CONFIDENTE
Ankara, 1999. Arzu enchaîne les appels tarifés dans le call center érotique où elle travaille. Quand un séisme soudain frappe Istanbul, un jeune homme avec lequel elle était en ligne est pris au piège sous des décombres et la supplie de le sauver. Arzu saurait bien qui appeler… au péril de sa propre vie.
Critique du film
Quatrième long-métrage du couple franco-turc Çağla Zencirci et Guillaume Giovanetti, Confidente a été réalisé dans l’urgence et dans des conditions difficiles et précaires. Le tournage, qui a duré quatorze jours répartis sur trois semaines, pouvait s’arrêter à chaque instant. Peut-être cet écueil a-t-il permis à l’équipe du film de se dépasser pour offrir un long-métrage de soixante-seize minutes, sans temps mort et d’une grande intensité.
Confidente appartient à ce sous-genre, assez prisé depuis quelques années, du thriller téléphonique, huis clos claustrophobique et angoissant. Sabiha, jouée magnifiquement par Saadet Işıl Aksoy, qui porte le film de bout en bout, travaille comme opératrice dans un call center érotique à Ankara, à cinq cents kilomètres d’Istanbul. Elle porte le pseudonyme d’Arzu et dissimule à son entourage la nature de son emploi, jugé a priori trop sulfureux pour obtenir la garde de son fils dans cette Turquie de 1999, marquée par le patriarcat, un climat politique et social tendu, et la corruption des élites. Sabiha reçoit donc des appels d’hommes aux fantasmes variés, plus ou moins banals ou tordus. Elle prend des notes dans un carnet sur les demandes et les propos de ses clients réguliers afin de satisfaire au mieux leurs attentes et de créer un sentiment de proximité, d’intimité avec eux.
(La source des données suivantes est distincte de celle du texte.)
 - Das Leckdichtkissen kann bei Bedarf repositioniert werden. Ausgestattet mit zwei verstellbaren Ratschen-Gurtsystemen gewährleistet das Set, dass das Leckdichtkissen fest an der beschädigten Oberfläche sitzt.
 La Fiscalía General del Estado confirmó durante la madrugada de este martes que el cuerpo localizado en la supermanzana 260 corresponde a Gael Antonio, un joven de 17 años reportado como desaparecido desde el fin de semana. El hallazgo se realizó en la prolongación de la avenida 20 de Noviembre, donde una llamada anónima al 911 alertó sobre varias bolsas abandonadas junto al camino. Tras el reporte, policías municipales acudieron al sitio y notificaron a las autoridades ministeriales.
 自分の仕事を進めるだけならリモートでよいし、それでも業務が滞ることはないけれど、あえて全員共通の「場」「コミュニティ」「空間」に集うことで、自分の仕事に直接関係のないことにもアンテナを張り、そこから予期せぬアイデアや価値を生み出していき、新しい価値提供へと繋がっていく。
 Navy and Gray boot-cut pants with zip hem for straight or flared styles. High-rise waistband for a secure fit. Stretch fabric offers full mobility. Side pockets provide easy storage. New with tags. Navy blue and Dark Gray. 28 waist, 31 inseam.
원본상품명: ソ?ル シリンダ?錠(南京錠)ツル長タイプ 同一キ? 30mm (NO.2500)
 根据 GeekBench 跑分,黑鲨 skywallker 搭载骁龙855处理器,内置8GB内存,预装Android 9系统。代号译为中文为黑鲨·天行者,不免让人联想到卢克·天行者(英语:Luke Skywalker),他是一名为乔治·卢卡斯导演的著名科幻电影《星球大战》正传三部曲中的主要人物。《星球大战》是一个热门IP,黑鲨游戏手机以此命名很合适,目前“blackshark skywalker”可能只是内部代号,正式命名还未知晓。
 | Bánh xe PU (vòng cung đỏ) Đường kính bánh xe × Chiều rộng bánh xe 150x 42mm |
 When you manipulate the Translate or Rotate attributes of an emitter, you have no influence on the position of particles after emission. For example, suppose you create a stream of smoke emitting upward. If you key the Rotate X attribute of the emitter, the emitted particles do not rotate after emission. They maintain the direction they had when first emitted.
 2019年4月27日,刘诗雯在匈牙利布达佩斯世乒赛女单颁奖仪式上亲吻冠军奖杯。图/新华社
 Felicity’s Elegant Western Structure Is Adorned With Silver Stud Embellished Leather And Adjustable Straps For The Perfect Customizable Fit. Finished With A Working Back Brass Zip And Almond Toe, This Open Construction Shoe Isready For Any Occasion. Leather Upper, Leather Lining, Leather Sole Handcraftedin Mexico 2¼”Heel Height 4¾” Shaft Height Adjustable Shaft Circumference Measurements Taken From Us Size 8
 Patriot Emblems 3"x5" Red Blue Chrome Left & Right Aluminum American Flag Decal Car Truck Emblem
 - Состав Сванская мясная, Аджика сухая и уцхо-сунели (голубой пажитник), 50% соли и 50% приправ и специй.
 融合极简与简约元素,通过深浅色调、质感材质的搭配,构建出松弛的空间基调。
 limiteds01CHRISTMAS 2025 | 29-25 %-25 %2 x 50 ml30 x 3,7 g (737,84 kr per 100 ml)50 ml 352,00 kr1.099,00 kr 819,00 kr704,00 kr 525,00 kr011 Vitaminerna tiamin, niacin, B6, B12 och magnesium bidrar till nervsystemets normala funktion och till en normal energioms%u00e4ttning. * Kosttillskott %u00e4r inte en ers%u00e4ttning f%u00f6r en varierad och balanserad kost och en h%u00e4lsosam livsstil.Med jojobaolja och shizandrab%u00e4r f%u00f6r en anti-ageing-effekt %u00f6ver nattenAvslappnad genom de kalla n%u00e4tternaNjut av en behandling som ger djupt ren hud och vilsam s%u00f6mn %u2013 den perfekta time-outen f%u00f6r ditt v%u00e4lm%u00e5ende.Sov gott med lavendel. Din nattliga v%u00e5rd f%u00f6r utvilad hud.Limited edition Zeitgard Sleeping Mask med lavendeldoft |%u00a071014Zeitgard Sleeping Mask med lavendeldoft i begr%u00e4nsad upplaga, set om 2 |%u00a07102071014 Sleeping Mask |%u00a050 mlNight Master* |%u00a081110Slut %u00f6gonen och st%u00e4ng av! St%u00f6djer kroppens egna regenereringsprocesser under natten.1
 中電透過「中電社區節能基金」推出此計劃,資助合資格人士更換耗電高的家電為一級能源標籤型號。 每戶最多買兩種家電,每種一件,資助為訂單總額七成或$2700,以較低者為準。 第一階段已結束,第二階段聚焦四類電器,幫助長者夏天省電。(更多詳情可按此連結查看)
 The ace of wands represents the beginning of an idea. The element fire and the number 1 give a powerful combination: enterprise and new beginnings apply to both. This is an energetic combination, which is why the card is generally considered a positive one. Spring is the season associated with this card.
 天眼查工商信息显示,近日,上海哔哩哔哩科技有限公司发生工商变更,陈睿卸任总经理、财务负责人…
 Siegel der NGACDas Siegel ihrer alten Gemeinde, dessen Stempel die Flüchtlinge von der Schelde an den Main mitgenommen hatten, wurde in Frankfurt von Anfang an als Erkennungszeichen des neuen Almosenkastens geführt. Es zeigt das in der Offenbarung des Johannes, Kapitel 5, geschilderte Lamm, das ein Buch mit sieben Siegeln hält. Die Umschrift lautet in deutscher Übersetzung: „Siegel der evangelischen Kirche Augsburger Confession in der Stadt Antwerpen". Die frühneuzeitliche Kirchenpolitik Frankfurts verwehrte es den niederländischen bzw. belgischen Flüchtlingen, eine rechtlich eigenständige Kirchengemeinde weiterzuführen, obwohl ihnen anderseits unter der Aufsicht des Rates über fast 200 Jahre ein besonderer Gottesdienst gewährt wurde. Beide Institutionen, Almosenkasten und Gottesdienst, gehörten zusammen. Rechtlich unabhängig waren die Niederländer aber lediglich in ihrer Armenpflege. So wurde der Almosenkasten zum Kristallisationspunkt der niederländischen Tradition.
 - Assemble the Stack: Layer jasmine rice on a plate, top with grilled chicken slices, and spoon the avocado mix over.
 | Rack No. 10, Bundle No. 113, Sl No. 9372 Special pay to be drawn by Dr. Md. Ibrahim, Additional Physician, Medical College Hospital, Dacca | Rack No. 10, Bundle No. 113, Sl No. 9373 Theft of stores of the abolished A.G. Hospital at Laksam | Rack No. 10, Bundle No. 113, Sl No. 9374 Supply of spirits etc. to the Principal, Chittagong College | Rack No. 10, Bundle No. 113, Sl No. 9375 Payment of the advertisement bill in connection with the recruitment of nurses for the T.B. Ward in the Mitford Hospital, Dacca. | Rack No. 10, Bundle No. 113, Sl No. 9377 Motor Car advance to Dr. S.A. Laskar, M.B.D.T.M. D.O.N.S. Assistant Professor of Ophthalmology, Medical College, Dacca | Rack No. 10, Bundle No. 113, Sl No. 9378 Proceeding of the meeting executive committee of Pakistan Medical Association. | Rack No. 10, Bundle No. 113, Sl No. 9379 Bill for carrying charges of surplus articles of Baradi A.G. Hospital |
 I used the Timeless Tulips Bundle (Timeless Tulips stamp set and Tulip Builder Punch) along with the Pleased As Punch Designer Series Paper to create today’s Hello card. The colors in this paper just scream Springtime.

Un tremblement de terre survient à Istanbul et l’un de ses clients, coincé dans un éboulement, a le réflexe d’appuyer sur la touche de rappel de son téléphone. Sabiha, qui malgré un quotidien compliqué et assez sordide — elle subit les avances répétées du manager du call center, à l’allure de proxénète, mais aussi les jalousies et manœuvres de certaines de ses collègues — conserve une véritable empathie pour les autres et va tout faire pour sauver le jeune homme. Pour cela, elle décide de faire pression sur un autre de ses interlocuteurs, un procureur sur lequel elle sait beaucoup de choses et qui est la seule personne en mesure de donner l’ordre aux secours d’intervenir.
Thriller politique, charge sociale contre la corruption des élites et le patriarcat, drame intimiste, Confidente est tout cela à la fois. Ce qui en fait la richesse du film, mais constitue parfois une légère limite. À trop vouloir instiller une grande complexité et multiplier les niveaux de lecture, le récit pourrait perdre en impact et en crédibilité. Les rebondissements sont nombreux et certains peuvent sembler superfétatoires. L’ensemble demeure toutefois solide grâce à une mise en scène efficace, à la qualité de l’interprétation et au travail du chef opérateur Eric Devin. Sabiha reste, malgré les circonstances, une femme en quête de vérité, dont les actes sont en adéquation avec les valeurs qu’elle défend. Ce personnage, courageux et déterminé à préserver sa dignité, n’est pas dénué d’ambiguïté ni de mystère, comme le suggèrent l’ultime image du film et la chanson choisie pour accompagner le générique de fin.